Task statement.
Every record below is to be retyped exactly, with the pictures left out.

# # #

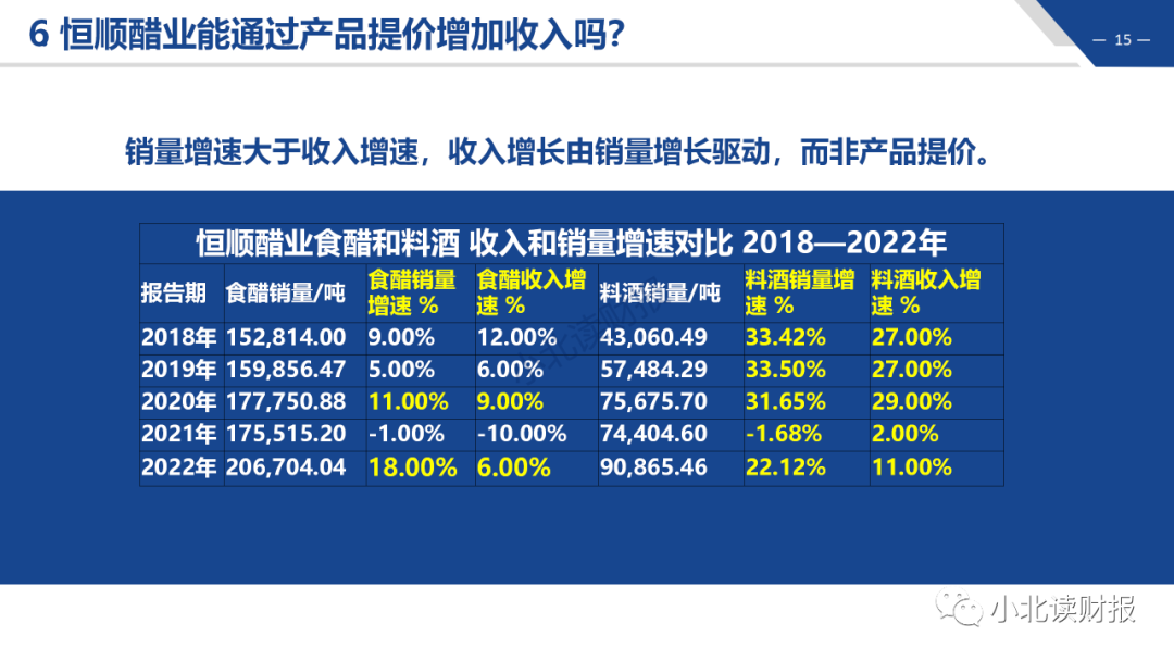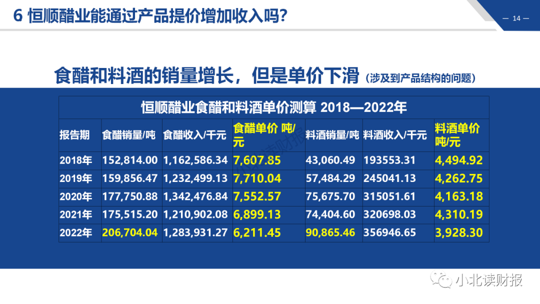 通过年报中每年的产销量数据,以及收入构成的数据,我们能测算出来公司每吨食醋和料酒的单价。
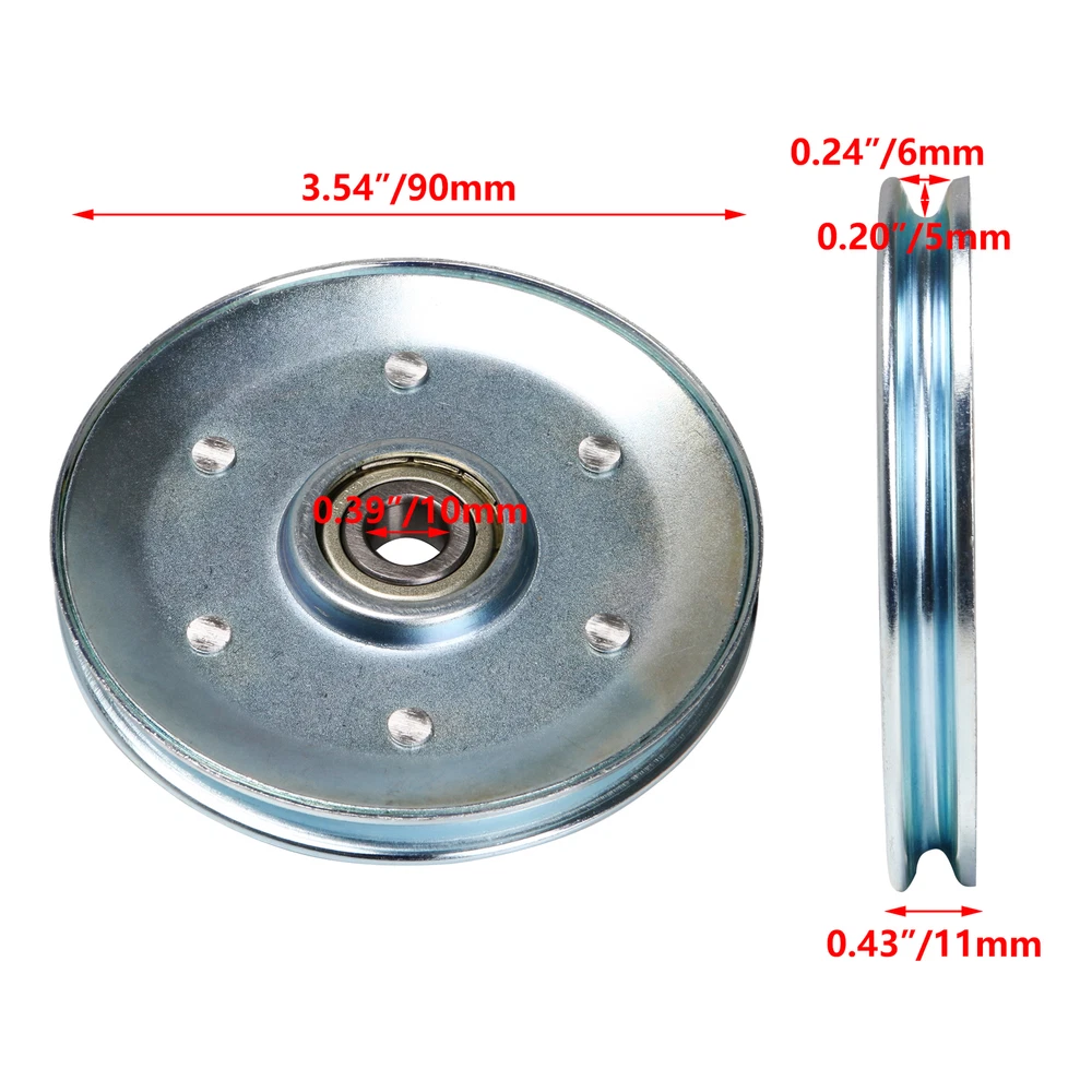 Features: 1.Every product has a unique Manufacturing Part Number label on the inner package that proves it has been qualified,which include Part Number,Model Number and inspection date information; 2.If you have any questions about the item,please provide us the Manufacturing Part Number for checking,your profits will be guaranteed. 3.Mainly made of iron, the middile bearing is made of bearing steel. 4.Application: steel wire rope wheel, transmission equipment, industrial pulley. 5.Outer diameter is 90mm, inner diameter is 10mm, load bearing is 285kg. Note: In-line bearings can't be removed. Specifications: Material: Iron + Bearing Steel Color: Black Brand name: Unbranded Bearing: 285KG Size: 9 x 1 x 1.1cm/3.54 x 0.39 x 0.43 inch(OD x ID x H) Groove Width: 6mm Groove Depth: 5mm Weight: 158g Package include: 1 x Cable Pulley On Apr 1, 2024 at 01:07:07 PDT, seller added the following information:
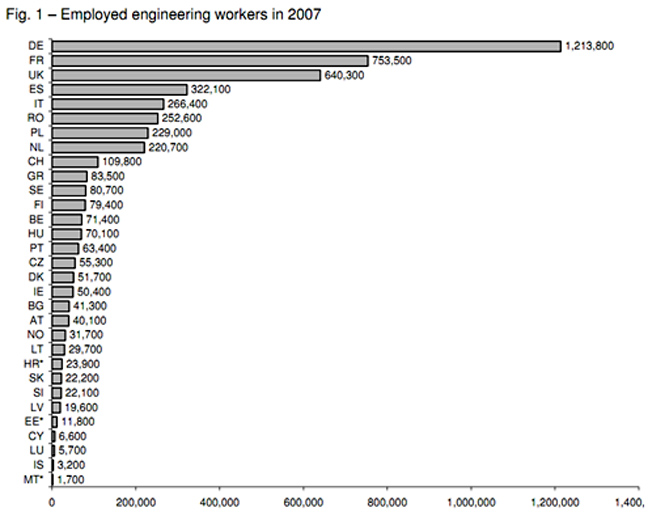 Σύμφωνα με τα στοιχεία του European Engineering Report η Ελλάδα το 2007 βρισκόταν στη 10 η θέση με βάση των αριθμών των μηχανικών όλων των ειδικοτήτων που εργάζονταν. Στην έρευνα αυτή περιλαμβάνεται το σύνολο των μηχανικών και αποδεικνύεται για ακόμη μια φορά η πληθώρα τον επιστημόνων που παράγει η χώρα μας.
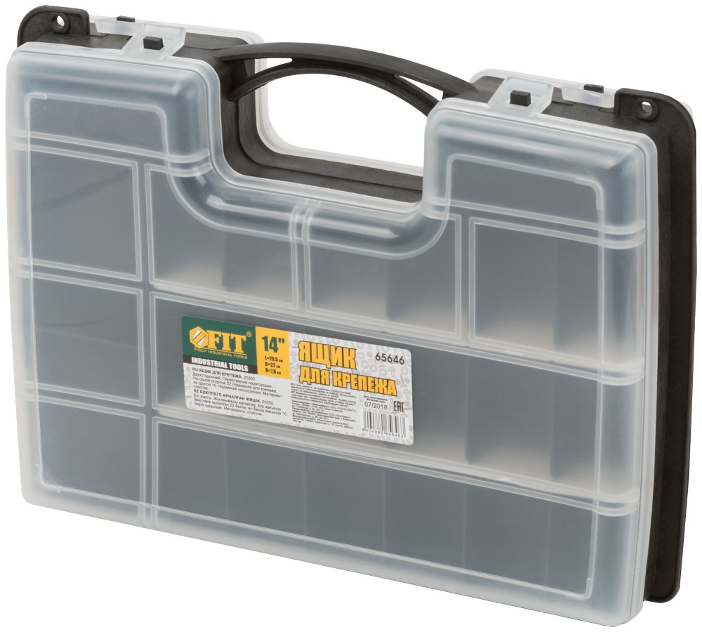 Двусторонний ящик-органайзер FIT 65646 выполнен в форме кейса, служит для хранения и переноски крепежных изделий. Имеет 22 отделения с одной стороны и 10 с другой, где удобно размещаются необходимые аксессуары и различные мелочи. С помощью переставных перегородок можно регулировать размеры ячеек, чтобы максимально эффективно использовать имеющееся внутри пространство. Прозрачная крышка позволяет видеть расположение крепежа внутри. Две пластиковые защелки надежно защищают чемоданчик от непреднамеренного открывания.
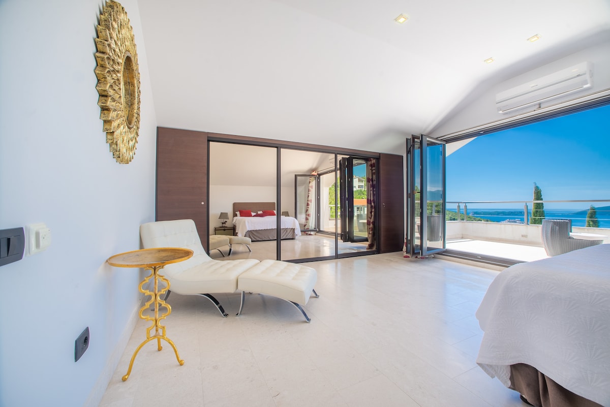 This outstanding villa has been carefully designed bringing together all the necessities and luxury of modern living. Situated on the Lustica Peninsula, it boasts a breathtaking unbroken view of the Boka Bay from all of its rooms. A large open plan kitchen opens out on to the luxury private pool and outside dining area. Perfect for gatherings on warm summer days. Beaches, restaurant’s and bars are just a short car journey away making this a perfect get away vacation.
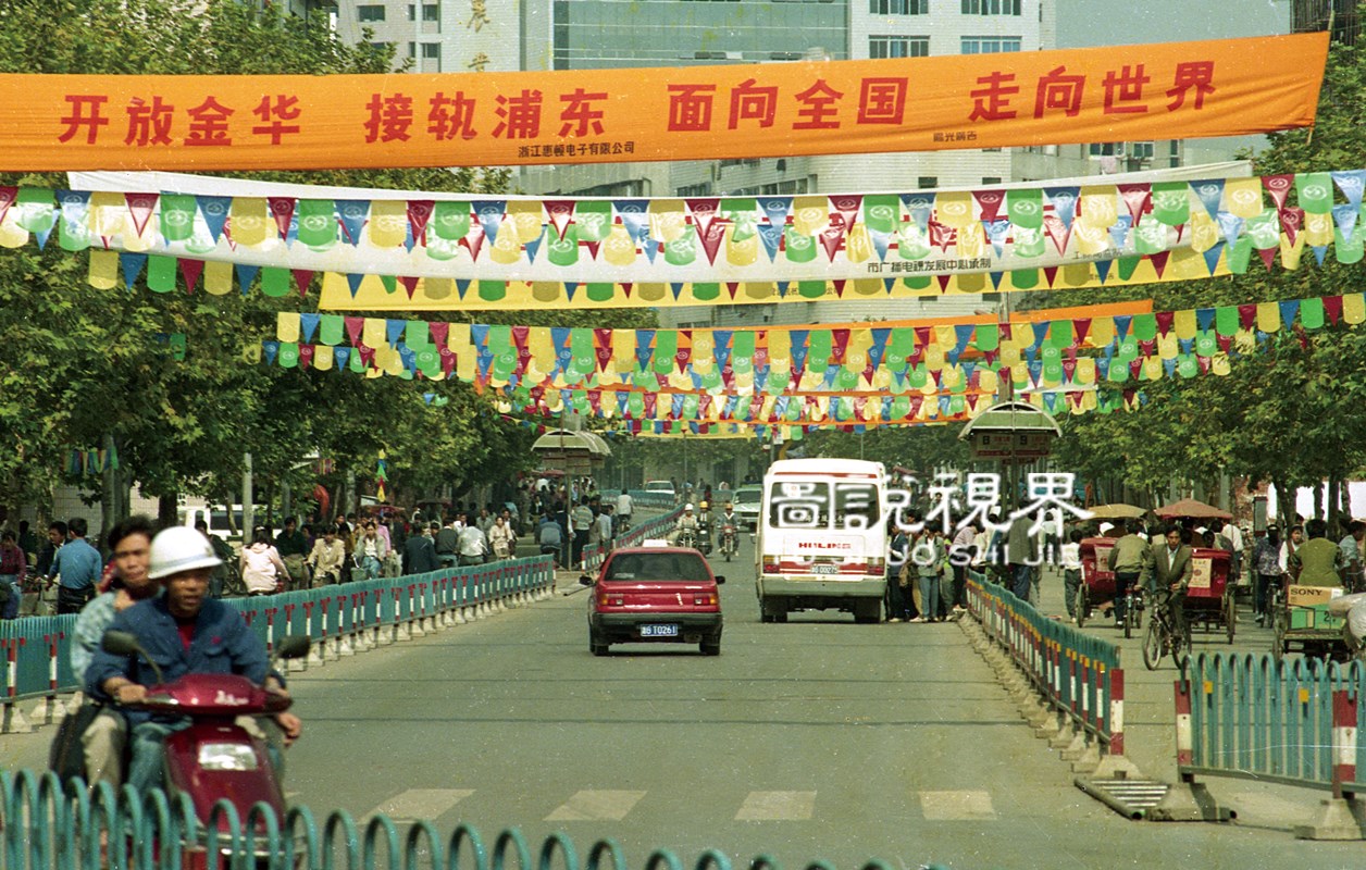 20210191-100、收藏作品、开放金华走向世界、道路护栏、马路、汽车、摩托车、横幅
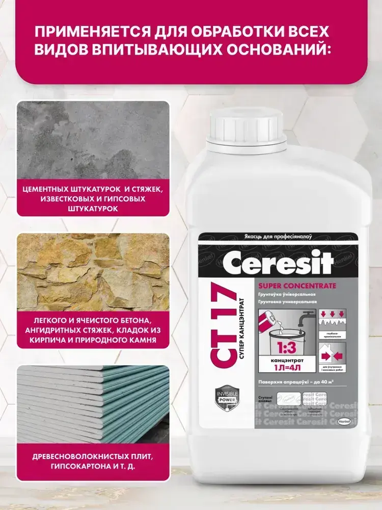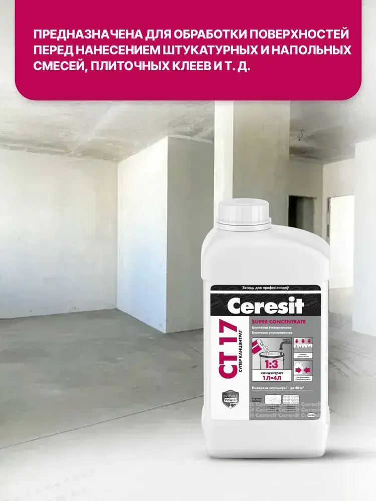 Ceresit CT 17 Супер концентрат (1л), Грунтовка для стен и пола глубокого проникновения Церезит СТ 17
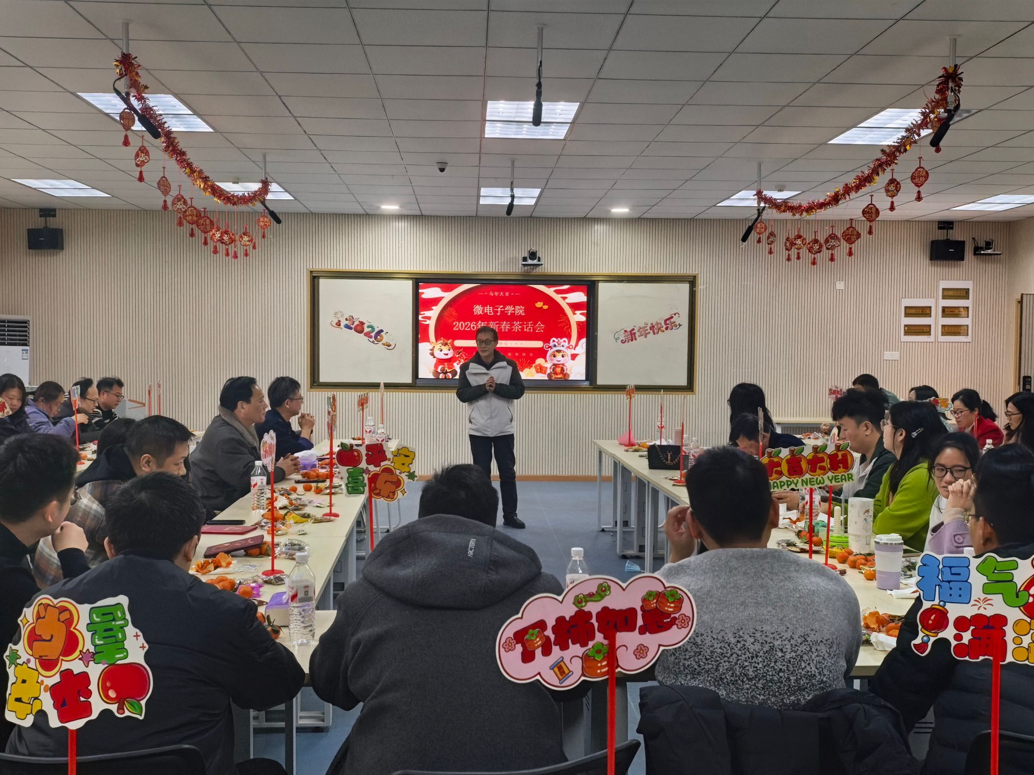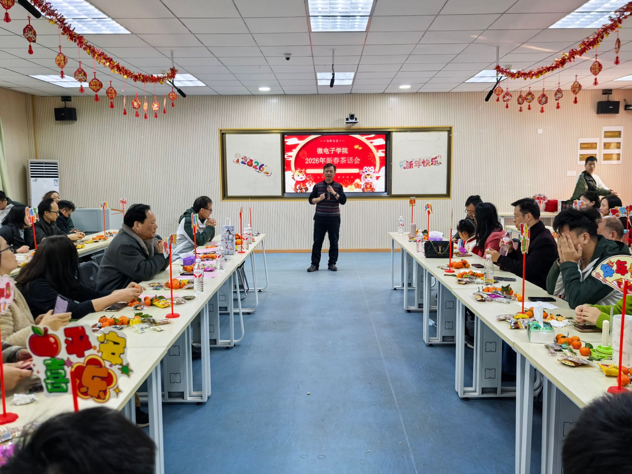 2026年1月17日上午,微电子学院在阳光校区崇文楼205会议室隆重举行2025年度教职工表彰大会暨2026年新春茶话会。学院领导班子和全院教职工欢聚一堂,共话收获、共迎新春。

# # #

Written reply.
 通过年报中每年的产销量数据,以及收入构成的数据,我们能测算出来公司每吨食醋和料酒的单价。
 Features: 1.Every product has a unique Manufacturing Part Number label on the inner package that proves it has been qualified,which include Part Number,Model Number and inspection date information; 2.If you have any questions about the item,please provide us the Manufacturing Part Number for checking,your profits will be guaranteed. 3.Mainly made of iron, the middile bearing is made of bearing steel. 4.Application: steel wire rope wheel, transmission equipment, industrial pulley. 5.Outer diameter is 90mm, inner diameter is 10mm, load bearing is 285kg. Note: In-line bearings can't be removed. Specifications: Material: Iron + Bearing Steel Color: Black Brand name: Unbranded Bearing: 285KG Size: 9 x 1 x 1.1cm/3.54 x 0.39 x 0.43 inch(OD x ID x H) Groove Width: 6mm Groove Depth: 5mm Weight: 158g Package include: 1 x Cable Pulley On Apr 1, 2024 at 01:07:07 PDT, seller added the following information:
 Σύμφωνα με τα στοιχεία του European Engineering Report η Ελλάδα το 2007 βρισκόταν στη 10 η θέση με βάση των αριθμών των μηχανικών όλων των ειδικοτήτων που εργάζονταν. Στην έρευνα αυτή περιλαμβάνεται το σύνολο των μηχανικών και αποδεικνύεται για ακόμη μια φορά η πληθώρα τον επιστημόνων που παράγει η χώρα μας.
 Двусторонний ящик-органайзер FIT 65646 выполнен в форме кейса, служит для хранения и переноски крепежных изделий. Имеет 22 отделения с одной стороны и 10 с другой, где удобно размещаются необходимые аксессуары и различные мелочи. С помощью переставных перегородок можно регулировать размеры ячеек, чтобы максимально эффективно использовать имеющееся внутри пространство. Прозрачная крышка позволяет видеть расположение крепежа внутри. Две пластиковые защелки надежно защищают чемоданчик от непреднамеренного открывания.
 This outstanding villa has been carefully designed bringing together all the necessities and luxury of modern living. Situated on the Lustica Peninsula, it boasts a breathtaking unbroken view of the Boka Bay from all of its rooms. A large open plan kitchen opens out on to the luxury private pool and outside dining area. Perfect for gatherings on warm summer days. Beaches, restaurant’s and bars are just a short car journey away making this a perfect get away vacation.
 20210191-100、收藏作品、开放金华走向世界、道路护栏、马路、汽车、摩托车、横幅
 Ceresit CT 17 Супер концентрат (1л), Грунтовка для стен и пола глубокого проникновения Церезит СТ 17
 2026年1月17日上午,微电子学院在阳光校区崇文楼205会议室隆重举行2025年度教职工表彰大会暨2026年新春茶话会。学院领导班子和全院教职工欢聚一堂,共话收获、共迎新春。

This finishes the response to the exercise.